On pourrait énumérer une par une toutes les qualités de La vie est belle, mais le film de Capra rassemble autour de lui une telle unanimité que l’entreprise n’aura finalement que peu d’impact. On vous renverra donc simplement à la (re)découverte de ce classique du cinéma américain, qui s’offre ici une nouvelle jeunesse par le biais d’un nouveau – et époustouflant – transfert 4K qui ne fera que confirmer qu’en plus de ses qualités narratives et de sa portée presque « humaniste », le film était également une authentique claque formelle, d’une richesse et d’une modernité vraiment étonnantes, qu’on le prenne par le prisme de sa réalisation ou de sa direction artistique. Indispensable.

 

 

Le Blu-ray

[4,5/5]

Bénéficiant d’une toute nouvelle remasterisation 4K, La vie est belle débarque ce mois-ci chez Paramount Pictures à la fois en Blu-ray et en Ultra HD Blu-ray 4K. Et on ne pourra se réjouir en voyant le résultat visuel de cette nouvelle édition Blu-ray. Le résultat à l’image est tout simplement magnifique, la restauration ayant été effectuée avec soin. Le niveau de détail est excellent, avec un piqué d’une précision inédite et une gestion des contrastes tout à fait remarquable. L’absence de filtrage superflu permet également à l’image de s’offrir une patine argentique respectée à la lettre, ce qui est toujours très agréable.
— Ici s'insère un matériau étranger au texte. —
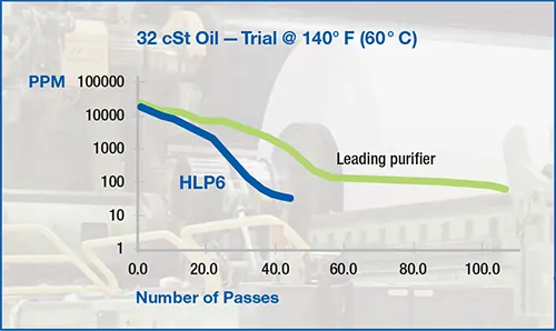 The HLP6 oil purifier showed a 40% faster dehydration rate when compared to a leading, similarly sized purifier.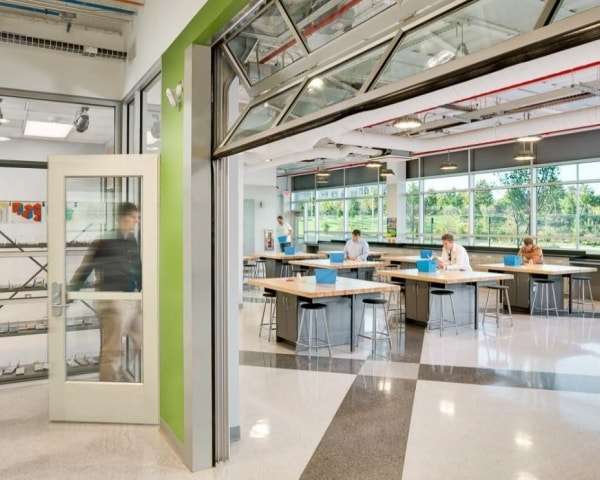 FNI将21世纪开放式教学融入教学环境的设计之中,遵从以学生为中心的原则,注重探究式与跨学科学习,将科学技术运用其中,促进学生间通力协作、促进交流互动——不仅是师生间的,还有学生间的、人与自然间的;学生不再被分隔在格子间里,交流与公共空间存在于每一个空间层级,并满足不同学生的个性化学习需求。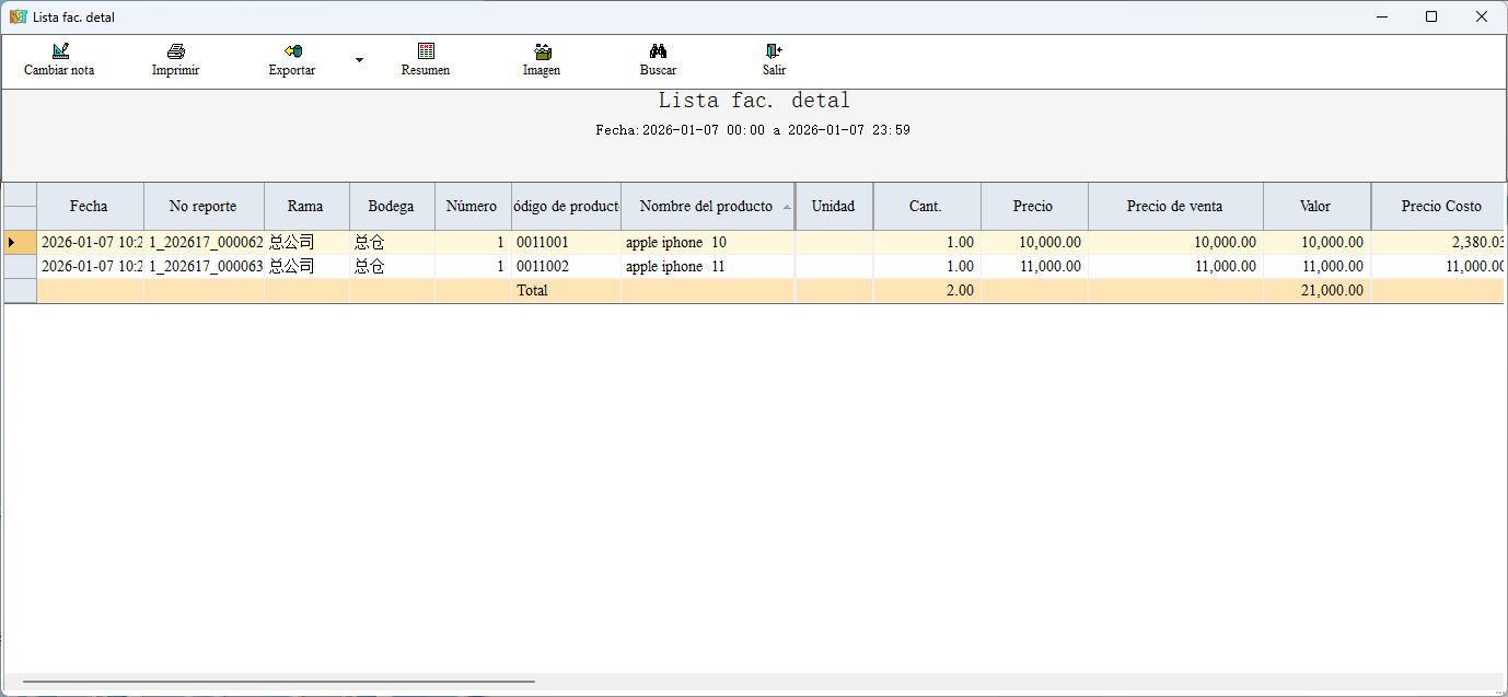 Nota: Todos los informes se pueden exportar a Excel. Para imprimir, ajuste el diseño de la página según el ancho de la impresora de recibos.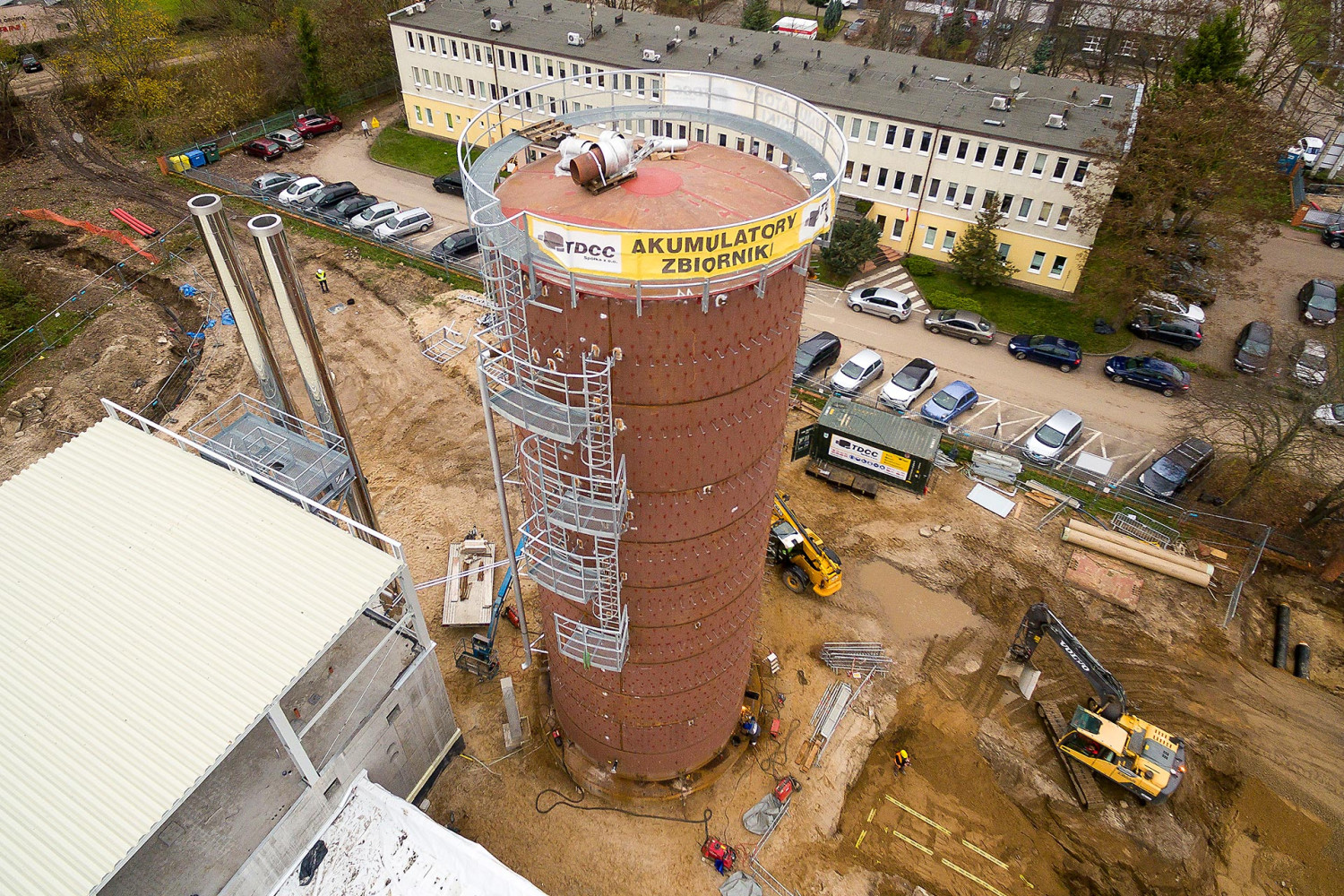 Drugim spektakularnym projektem, w który zaangażowana jest firma z Drzycimia, jest budowa największego w Europie akumulatora ciepła. Obiekt powstanie przy Elektrociepłowni Żerań w Warszawie, a jego parametry mówią same za siebie: 63 metry wysokości części walcowej, 36 metrów średnicy, pojemność 61 tys. m³.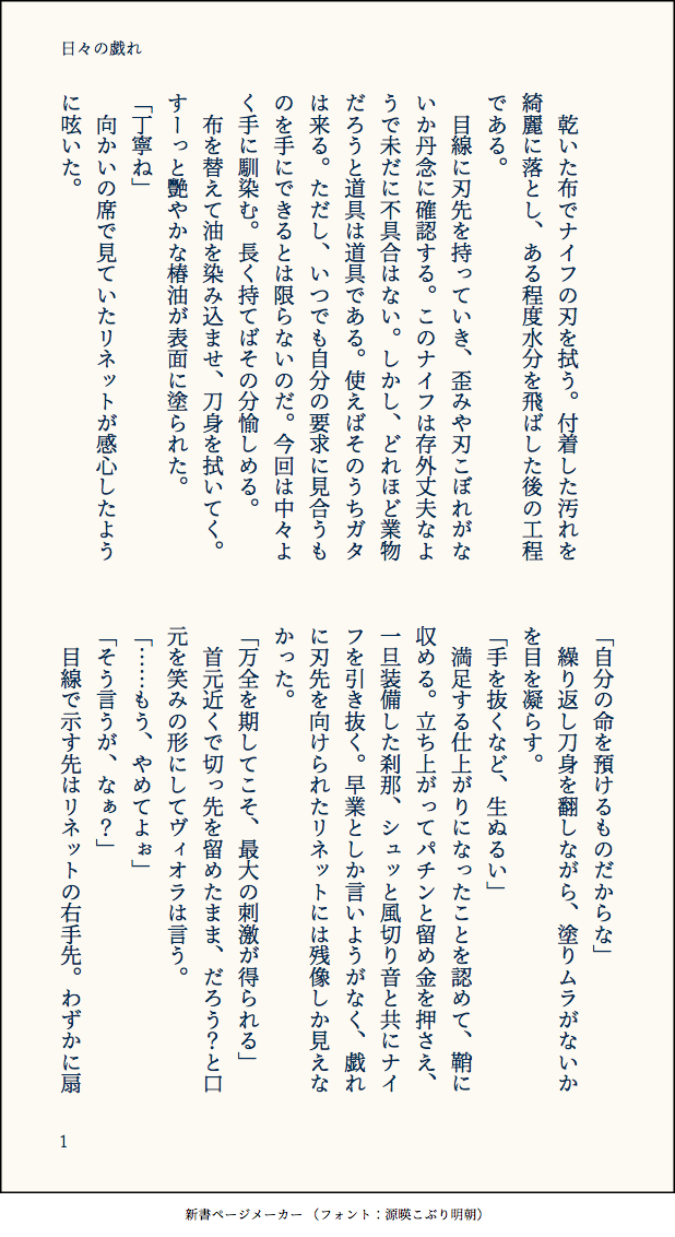 瑞久倉庫☆quiet followDONE『日々の戯れ』ヴィオラとリネットの話。武器のお手入れをするヴィオラ姐さんが見たかった。 #オクトラ大陸の覇者 ##文章もの show all(+1 images) Tap to full screen (size:618x1132).Repost is prohibited Let's send reactions! freqpopularsnackothersPayment processing Replies from the creator Follow creator you care about!☆quiet follow 瑞久倉庫PAST粘土ミロードの写真まとめです。主に季節の花々と一緒に撮ったものになります。時々増える予定。桜&造花桜(10枚)→チューリップやネモフィラ等(6枚)→アジサイ(1枚)→蓮(6枚)→ひまわり(4枚)→彼岸花(2枚)2025/9/27更新 29 瑞久倉庫PASTミロードの秘奥&必殺上限開放記念天降る光、綺麗だなと思いながらいつも使ってます2025/6/19(x投稿) 瑞久倉庫PAST診断メーカーより、お題『停電の夜』で140字SS※ミロード→ステッドっぽい話※2枚目は診断結果2025/6/16(x投稿) 2 瑞久倉庫PAST診断メーカーより、お題『ただいま妄想中』で140字SS。※ステッドとミロードで現パロ※ステ目線のほのぼの※2枚目は診断結果2025/6/14(x投稿) 2 瑞久倉庫PASTCV繋がりで衣装交換!搦め手多そうな剣士と物攻高そうな神官になりました。2025/5/19(x投稿) 2 瑞久倉庫PAST笑顔が描きたくて一枚目:ミロード(頬が緩むるのが抑えきれない)の笑み二枚目:ステッド(からかい半分、気の緩み半分)の笑み2025/5/17(x投稿) 2 related works 瑞久倉庫DONE『煙と共に』ミロードとステッドで、煙草の話。※文章ものです※現パロ※つきあってるし、やることやっている関係※直接的な描写はありませんが、↑の匂わせがひどい2024/12/11(X投稿) 7 祠崎 蒼DONE浅野チーム年末年始企画2025にお送りしようとして間に合わなくて後から完成させました。送らせていただいた途中のものとだいぶ違う仕上がりになってしまった!あれ!2025年もよろしくお願い致します…!! himDONEオクトラBBアルバムvol.2発売記念 兼 今年の芸術の覇者応募作品です🎻🎸2.5周年配信ライブの「富を授けし者」が大好きなのでバルジェロファミリーで描きました!余談 設定とか https://fusetter.com/tw/xJgvIZ0r kate1st_bareSPOILER名声3章までのネタバレあり。注意。 kuro0rtdteraDONEオクトラ大陸の覇者長めのメンテの時に描いた絵その2。アイラの手紙はメモリアルスカーフお揃い発言と言いいちいち可愛い。(ので巻き合いっこしてる所を想像して描きました。)好き。 2 kuro0rtdteraDONEオクトラ大陸の覇者のヴィオラさん。キャラクターも好みで何処でも連れて行けるスキルなのが嬉しい。描けば当たる!して無事来てもらえて良かった。 Chobi115chuPROGRESS怪盗エリカさま の進歩です! 2 kuro0rtdteraDONEオクトラ大陸の覇者ピアちゃん。はじめに指輪に導かれて来てくれたので自分にとって大好きな主人公。ストーリーや闘技場にと行けるとこまで一緒に行きたいです。明るく可愛くてとても好き。 2 kuro0rtdteraDONEオクトラ大陸の覇者で先生がピックアップ中にテレーズが来てしまって被りだしタロット名声だったから来ただろ!って喜びかけた分落ち込んでしまった時にテレーズをじっくり見てたら可愛いなーお世話になってるし絵描きたいなーとなり描いた絵。笑顔が可愛いので差分を作ったり、ドットと絵で衣装違う所あるのでその差分と色収差かけたやつとか差分まみれです。同じような絵が続きますすみません。 6 recommended works poppogameloveDONEオクトパストラベラー一周年おめでとうございます!!というわけでイラストと後ろからの図解的なものと線画をば…久々にコピック使った… 3 くじ太郎DONEキミは本当にすごい子だよアーフェンシナリオクリア記念いやもう私はまだ若い彼が心配で心配で でも彼は予想よりずっとかっこよかった… くじ太郎DOODLE「俺は悪くねえ選択だとおもうぜ」オクトラ テリオンとアーフェンとオフィーリア 瑞久倉庫DONE『焚き火と子守唄』リネットとミロードの話。リネットのトラストネタバレ有り。2人で焚き火を囲んで欲しかった&子守唄を歌わせたかったという思いから出来ました。CPの意図はありませんが、そう見えたら申し訳ない 4 Ajax_super_V8DOODLE #大陸の覇者アート 「笑ってないで!一緒にまじないを解く方法を考えてくれ!」「はて…どうしたものでございましょうか」弊旅団の旅の日数、222日を記念して りのせDONE今日の一枚デフォルメ版権絵!オクトパストラベラー・オフィーリア。枠に入れるの楽しかったけど枠が黒いせいで遺影に見えなくもな… りのせDONE今日の版権絵!オクトパストラベラーよりプリムロゼ。実はこの大き目の方のコラージュ素材、プリムロゼ描く時に使おう~と思ってピンポイントで買った素材だったりします…が右上のって薔薇なんだろうか りのせDONE今日の版権絵!オクトパストラベラーよりオフィーリア。消しゴムはんこと日付の下マステ縛りでシール系の素材無しでやってみました~なんてお金のかかってないコラージュ ナユタDOODLE🍑ガブッ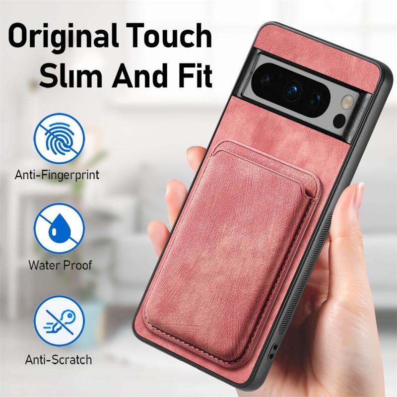 Για το Google Pixel 8 Pro Ρετρό δερμάτινη τσάντα κάρτα μαγνητική θήκη τηλεφώνου (ροζ)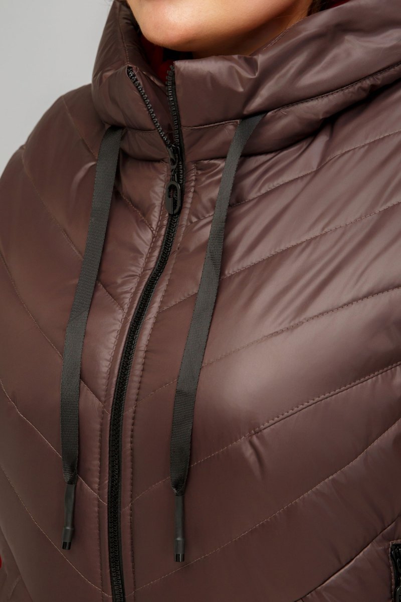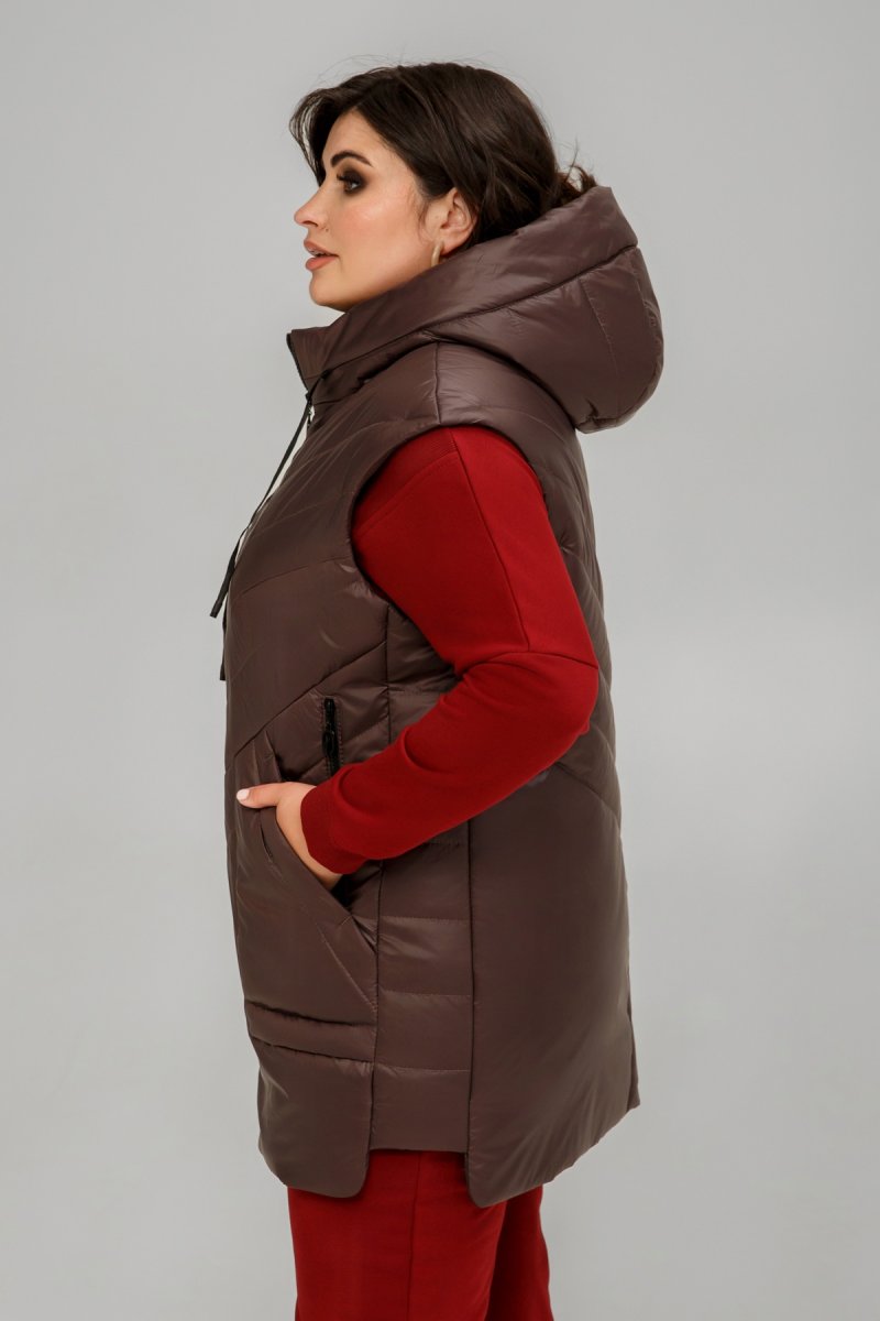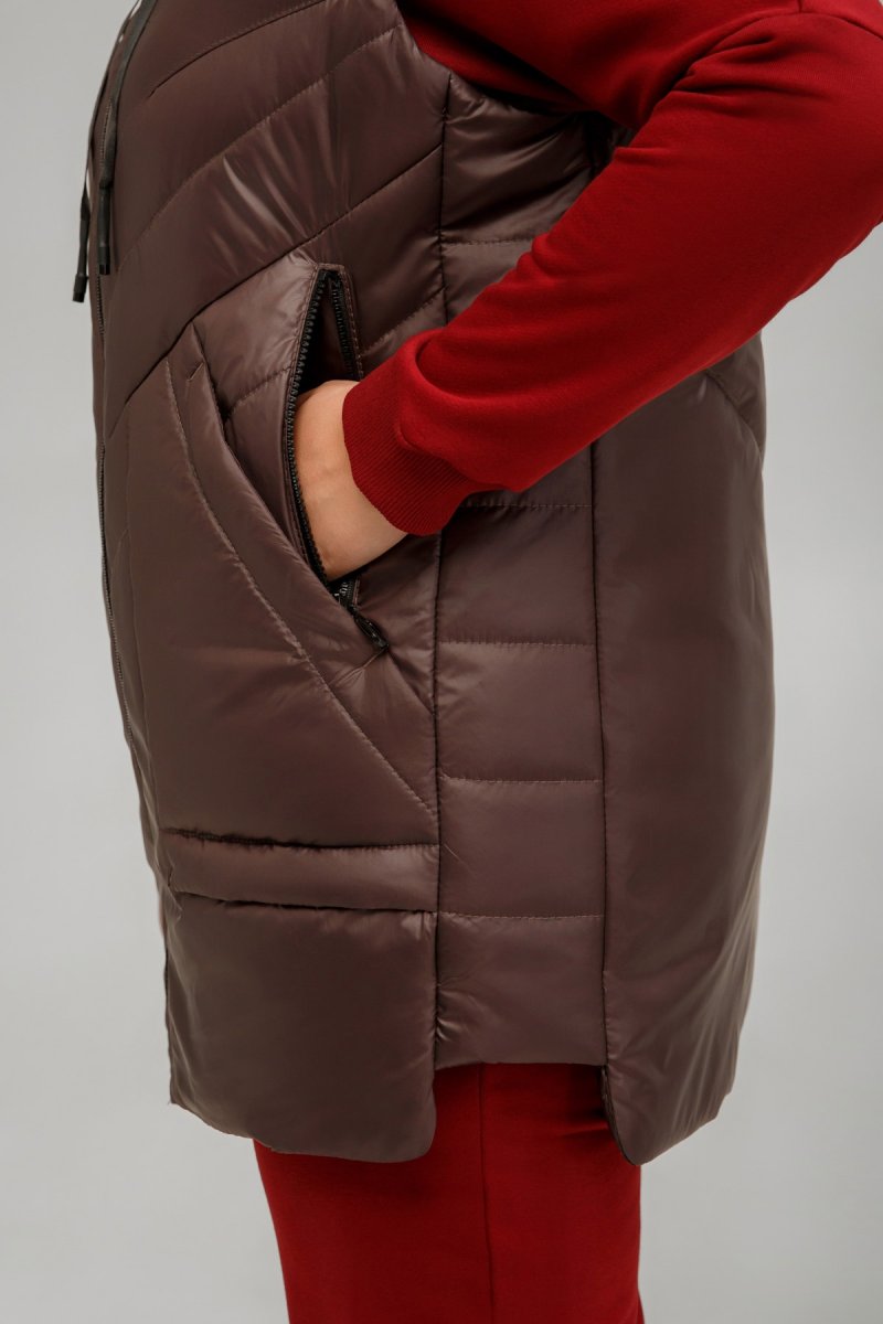 Жилет прямого силуету зі стьобаної плащової тканини. Застібка на блискавку. Висота капюшону регулюється за допомогою шнурка. По поличці виконані накладні кишені декоровані закріпками та додатковими, функціональними кишенями на змійці. Підкладка – нейлон.

Côté son, la VO mixée en Dolby TrueHD 2.0 (mono d’origine) est solide et équilibrée, qu’il s’agisse des dialogues ou de l’intégration des effets sonores, il n’y a vraiment rien à redire. La VF est quant à elle proposée en Dolby Digital 2.0 (mono d’origine), et peine forcément à retrouver l’excellence de la piste VO. L’ensemble est néanmoins satisfaisant, même si la bande-son est mixée un peu bas, et nécessite de monter un peu le son pour profiter pleinement du film.

Du côté de la section suppléments, on trouvera tout d’abord un sujet sur le processus de restauration du film (13 minutes). Étonnamment précis d’un point de vue technique et très intéressant, ce sujet reviendra sur la difficulté à travailler sur des bandes argentiques dégradées, mais également sur les progrès techniques ayant permis de redonner un coup de jeune au film de Capra. On continuera ensuite avec un making of rétrospectif (22 minutes) qui reviendra sur la carrière de Frank Capra et la façon dont La vie est belle s’y intègre. Plusieurs aspects techniques seront également abordés : la nouvelle neige artificielle utilisée sur le film (révolutionnaire pour l’époque), le traitement du son, la photographie, les scènes écartées du montage final, l’échec du film au box-office à sa sortie, etc. Pour terminer, Paramount nous propose de découvrir une série d’images d’archives tournant autour de la fête de fin de tournage du film (8 minutes) : un sujet muet mais s’avérant une sacrée curiosité.